%%

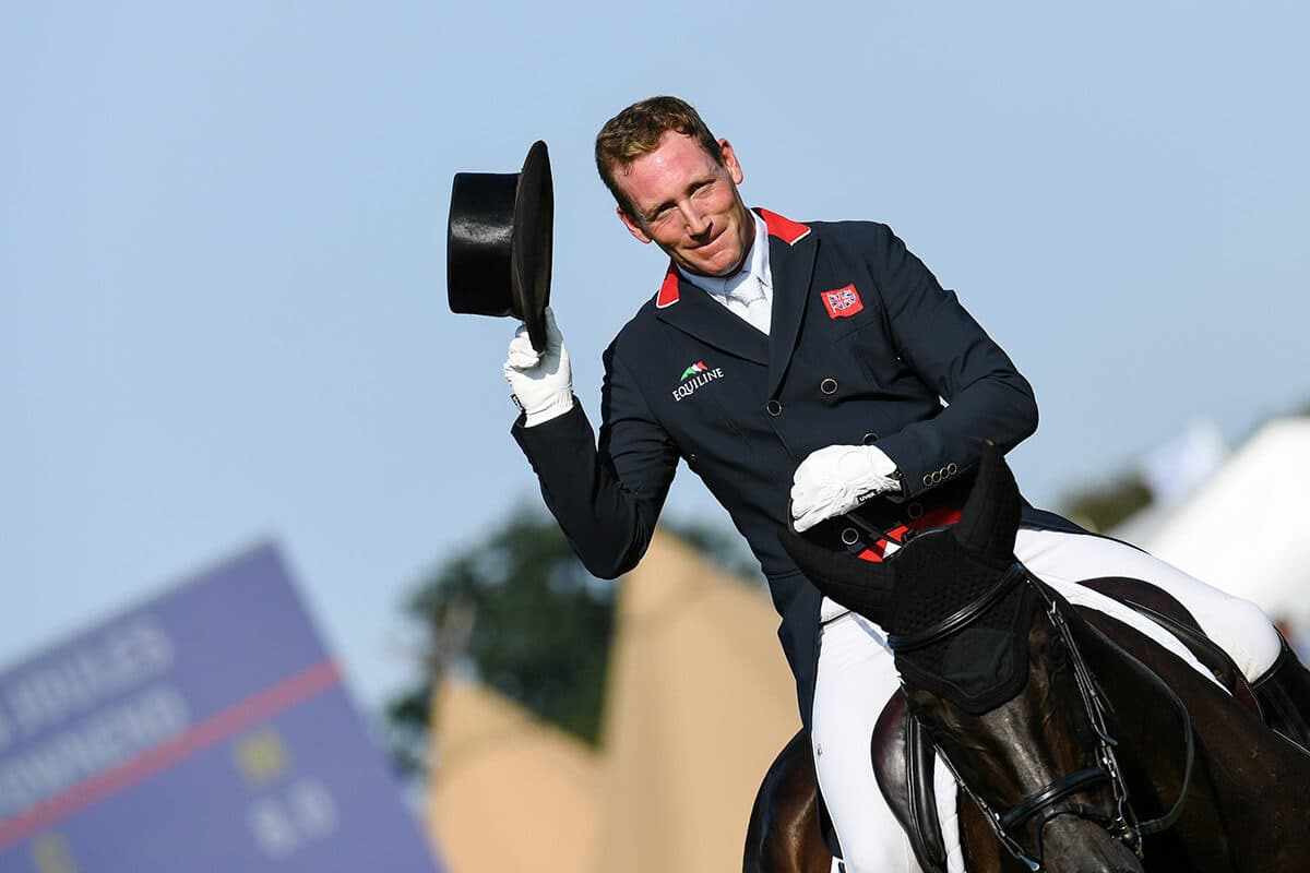 Despite some equine acrobatics at the first horse inspection, Harry Meade’s Away Cruising posted probably his smartest dressage tests to date to move into third place on 29.5: “I’m delighted with him,” said Meade immediately after his test. “I’ve felt all season that he was on the path to putting in a good test and today was a good day to execute our plan.”
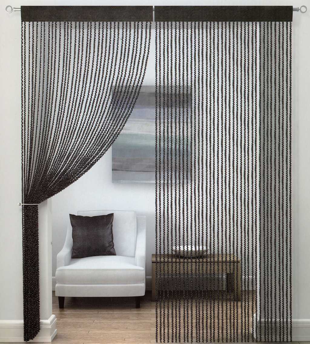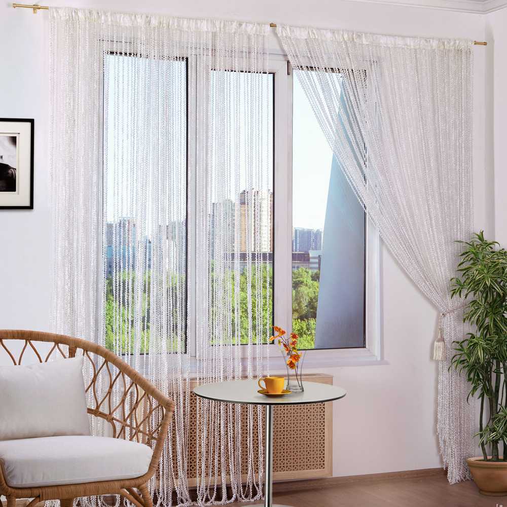 Такие нитевые шторы смотрятся очень эффектно. Подбирайте рисунок на свое усмотрение — главное, чтобы он сочетался с общим интерьером.
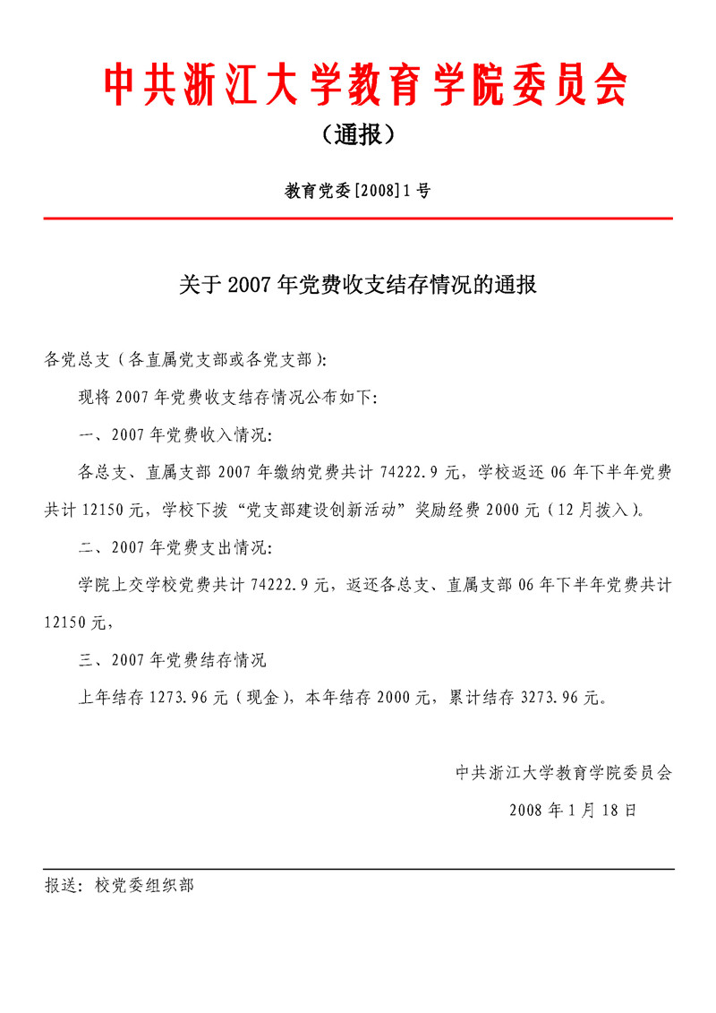 教育党委[2008]1号 关于2007年党费收支结存情况的通报
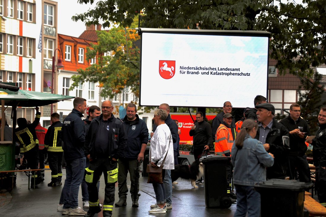 Das Wetter zeigte sich wechselhaft: Am Vormittag schien zunächst die Sonne, später sorgte Regen für nasse Wettkampfbahnen. Weder die Stimmung der Mannschaften noch die Begeisterung der Zuschauer konnte das trüben. Hunderte Gäste säumten die Innenstadt, feuerten die Teams an – und erlebten bei Kaffee und Kuchen in den vielen gastronomischen Betrieben am Markt- und Möncheplatz Feuerwehrsport hautnah. Ein besonderes Highlight: Das Wettbewerbsgeschehen wurde live auf eine Großleinwand am Möncheplatz übertragen. Möglich machte dies die Zusammenarbeit des Landkreises Northeim mit dem Niedersächsischen Landesamt für Brand- und Katastrophenschutz in Sachen satellitengestützte Liveübertragung, die bereits bei der länderübergreifenden Waldbrandübung „Eichkater“ erfolgreich erprobt worden war.
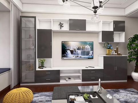 我們可以根據空間的大小來選擇不同的組合方式。如果房間寬敞,就可以采用占據整面墻的電視柜以突出整體感;如果空間過于狹長,建議采用"山"字形或"品"字形的組合電視柜,這樣可以讓空間錯落有致,弱化狹長空間帶來的局促感。
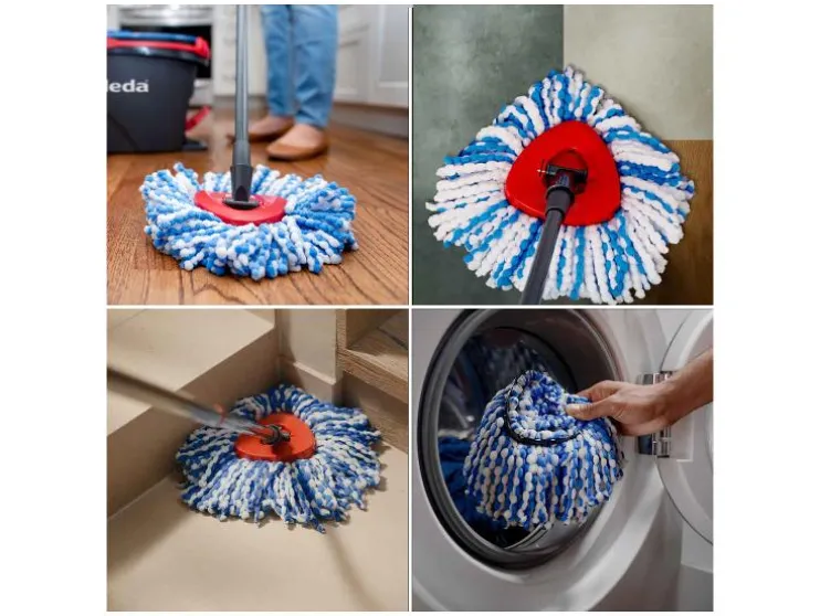 - Dweilkop met microvezels en blauwe krachtvezels voor de grondige verwijdering van kruimels en vuildeeltjes
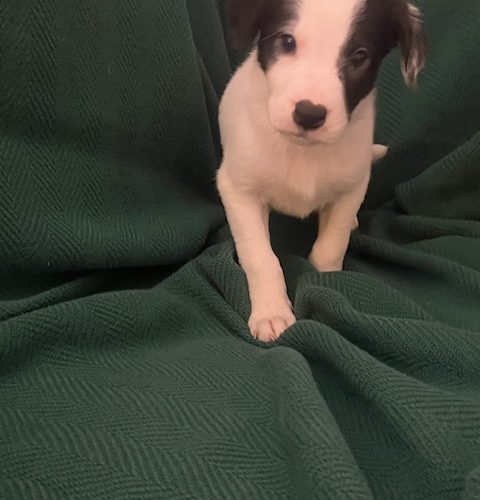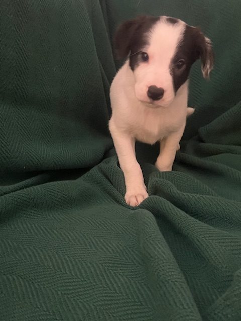 Emi joined us, along with her 8 siblings, the result of an unplanned litter. She and her littermates are sweet pups who are having fun exploring in their foster homes, learning all about life. She is primarily a mix of Lab and Border Collie and is estimated to be 45-50 lbs when fully grown.
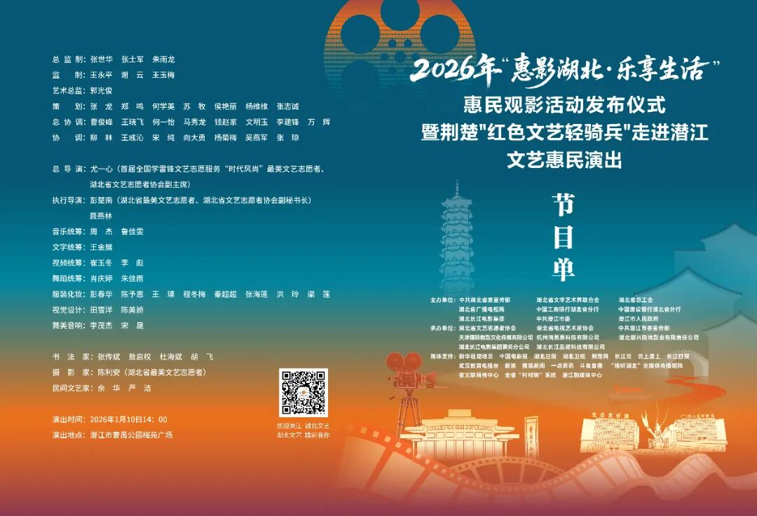 2026年1月10日下午,潛江市曹禺公園梅苑廣場洋溢著喜慶氛圍,荊楚“紅色文藝輕騎兵”文藝惠民演出在潛江市曹禺公園梅苑廣場舉辦,現(xiàn)場同步舉辦2026年“惠影湖北·樂享生活”惠民觀影活動發(fā)布儀式,標志著今年我省電影惠民工程正式拉開帷幕,活動以光影為媒,將文化盛宴送到群眾身邊。
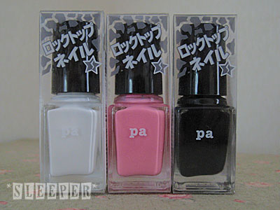 ベースはessie 697 MIDNIGHT CAMI2度塗りで左がロックトップホワイト、右がロックトップピンク。
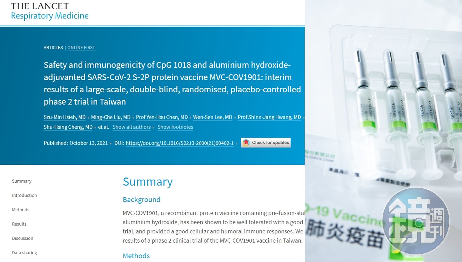 根據《自由時報》報導,高端此份論文名為《運用CpG1018佐劑的高端武漢肺炎蛋白疫苗的安全性和免疫性:台灣大規模雙盲、隨機的二期試驗大規模中期結果報告》,論文第一作者為台大醫師謝思民,第二作者為北醫醫師劉明哲,通訊作者則為高端疫苗二期臨床測試主持人林奏延,並有11家臨床試驗中心與高端研發團隊共同完成論文撰寫。

%%

◆ **Task objective**: Pictures stay out; print everything else in the data exactly.

◆ **Output of the task**:
 Despite some equine acrobatics at the first horse inspection, Harry Meade’s Away Cruising posted probably his smartest dressage tests to date to move into third place on 29.5: “I’m delighted with him,” said Meade immediately after his test. “I’ve felt all season that he was on the path to putting in a good test and today was a good day to execute our plan.”
 Такие нитевые шторы смотрятся очень эффектно. Подбирайте рисунок на свое усмотрение — главное, чтобы он сочетался с общим интерьером.
 教育党委[2008]1号 关于2007年党费收支结存情况的通报
 Das Wetter zeigte sich wechselhaft: Am Vormittag schien zunächst die Sonne, später sorgte Regen für nasse Wettkampfbahnen. Weder die Stimmung der Mannschaften noch die Begeisterung der Zuschauer konnte das trüben. Hunderte Gäste säumten die Innenstadt, feuerten die Teams an – und erlebten bei Kaffee und Kuchen in den vielen gastronomischen Betrieben am Markt- und Möncheplatz Feuerwehrsport hautnah. Ein besonderes Highlight: Das Wettbewerbsgeschehen wurde live auf eine Großleinwand am Möncheplatz übertragen. Möglich machte dies die Zusammenarbeit des Landkreises Northeim mit dem Niedersächsischen Landesamt für Brand- und Katastrophenschutz in Sachen satellitengestützte Liveübertragung, die bereits bei der länderübergreifenden Waldbrandübung „Eichkater“ erfolgreich erprobt worden war.
 我們可以根據空間的大小來選擇不同的組合方式。如果房間寬敞,就可以采用占據整面墻的電視柜以突出整體感;如果空間過于狹長,建議采用"山"字形或"品"字形的組合電視柜,這樣可以讓空間錯落有致,弱化狹長空間帶來的局促感。
 - Dweilkop met microvezels en blauwe krachtvezels voor de grondige verwijdering van kruimels en vuildeeltjes
 Emi joined us, along with her 8 siblings, the result of an unplanned litter. She and her littermates are sweet pups who are having fun exploring in their foster homes, learning all about life. She is primarily a mix of Lab and Border Collie and is estimated to be 45-50 lbs when fully grown.
 2026年1月10日下午,潛江市曹禺公園梅苑廣場洋溢著喜慶氛圍,荊楚“紅色文藝輕騎兵”文藝惠民演出在潛江市曹禺公園梅苑廣場舉辦,現(xiàn)場同步舉辦2026年“惠影湖北·樂享生活”惠民觀影活動發(fā)布儀式,標志著今年我省電影惠民工程正式拉開帷幕,活動以光影為媒,將文化盛宴送到群眾身邊。
 ベースはessie 697 MIDNIGHT CAMI2度塗りで左がロックトップホワイト、右がロックトップピンク。
 根據《自由時報》報導,高端此份論文名為《運用CpG1018佐劑的高端武漢肺炎蛋白疫苗的安全性和免疫性:台灣大規模雙盲、隨機的二期試驗大規模中期結果報告》,論文第一作者為台大醫師謝思民,第二作者為北醫醫師劉明哲,通訊作者則為高端疫苗二期臨床測試主持人林奏延,並有11家臨床試驗中心與高端研發團隊共同完成論文撰寫。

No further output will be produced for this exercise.